General relativity: Why don't these two differentials commute?

I encountered some metric today defined by

$$ds^2 = - \left( 1 - \frac{2GM}{r} \right) dv^2 + (dv dr + dr dv) + r^2 d \Omega^2$$

In all education I've done until now

$$dv dr = dr dv.$$ Why is this no longer the case?
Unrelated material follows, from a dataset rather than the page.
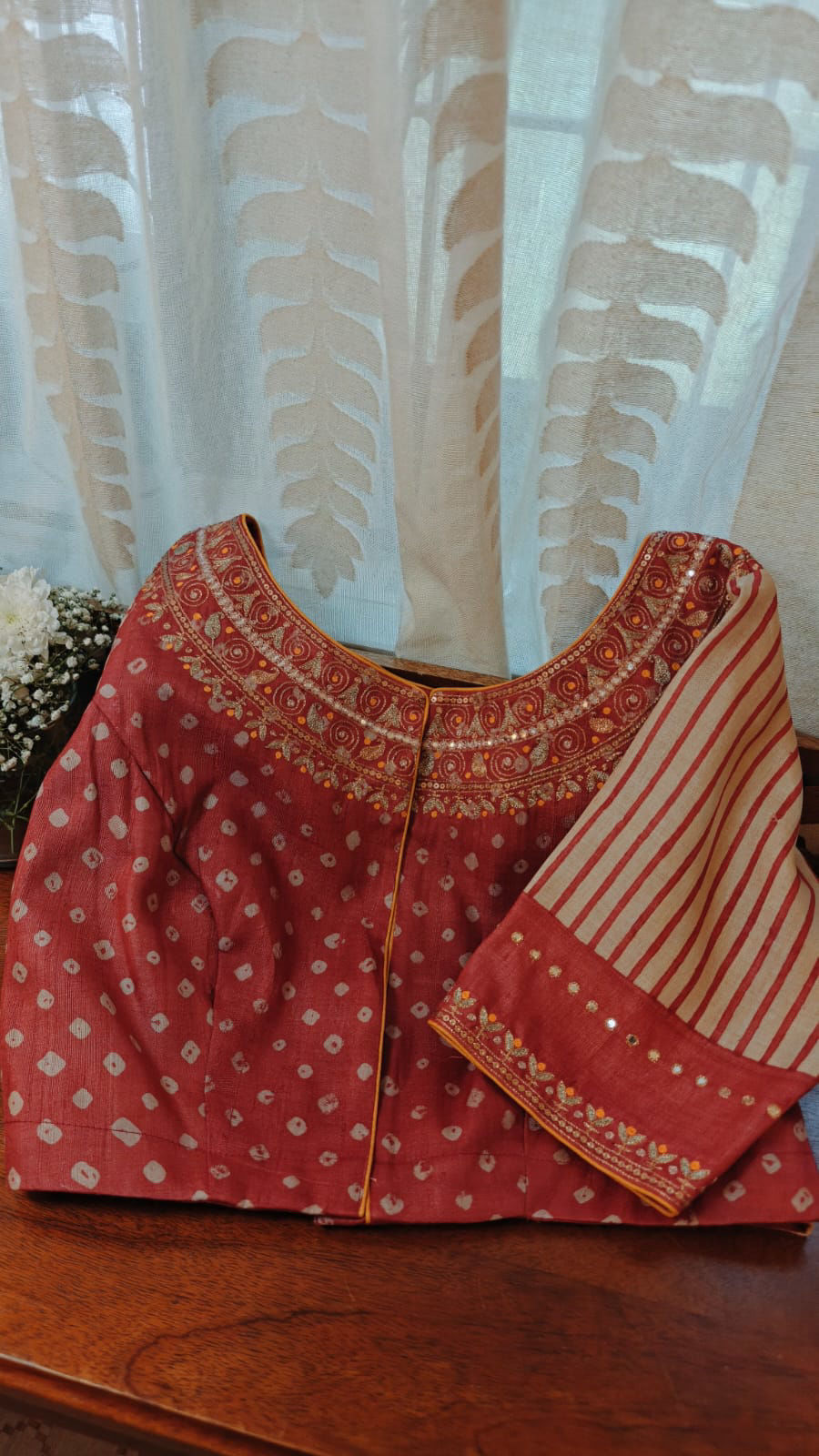 Red Bandhani and stripes
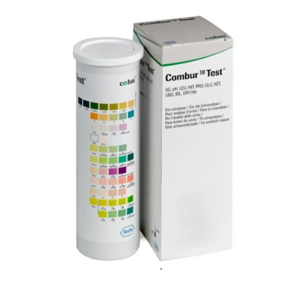 استخدام شرائط فحص كومبي 10 ميدي تيست من أشمل الأساليب المتبعة في فحص البول. تستخدم كخطوة أولى في تقرير نوعية الفحوصات المطلوبة. يستخدم شريط فحص ميدي تيست للكشف عن أمراض السكر ومتابعة حالة المريض. تستخدم شرائط كومبي 10 ميدي تيست عن طريق غمسها في عينة من بول المريض. يحتاج الشريط إلى 60 ثانية فقط للانتهاء من جميع الفحوصات. شرائط كومبي 10 ميدي تيست عالية الدقة والفعالية والحساسية تجاه التغيرات الطفيفة. شرائط كومبي 10 ميدي تيست تقوم بالكشف عن 10 معايير وهي: فيتامين سي (حمض الأسكوربيك) Ascorbic Acid البيليروبين Bilirubin الدم Blood الجلوكوز Glucose الكيتونات Ketones الكريات البيضاء Leukocytes النيترايت Nitrite درجة الحموضة pH البروتين Protein اليوروبيلينوجين Urobilinogen العلامة التجارية: Roche.

I suspect this has something to do with tensors, but I am not sure why.

Answer

1. 
   

   More generally, a metric tensor

   $$\mathbb{g} ~\in~ \Gamma\left( {\rm Sym}^2(T^{\ast}M)\right)$$ is a section in the symmetric tensor product $${\rm Sym}^2(T^{\ast}M)~=~T^{\ast}M\odot T^{\ast}M$$ over the cotangent bundle $T^{\ast}M$. In other words, $\mathbb{g}$ is a symmetric $(0,2)$ covariant tensor field.
   
   


2. 
   

   In a coordinate chart $U\subseteq M$, it takes the form

   $$\mathbb{g}|_U ~=~ g_{\mu\nu}\mathrm{d}x^{\mu}\odot \mathrm{d}x^{\nu},$$ with the manifest rule $$\mathrm{d}x^{\mu}\odot \mathrm{d}x^{\nu}~=~\mathrm{d}x^{\nu}\odot \mathrm{d}x^{\mu},$$ cf. OP's question.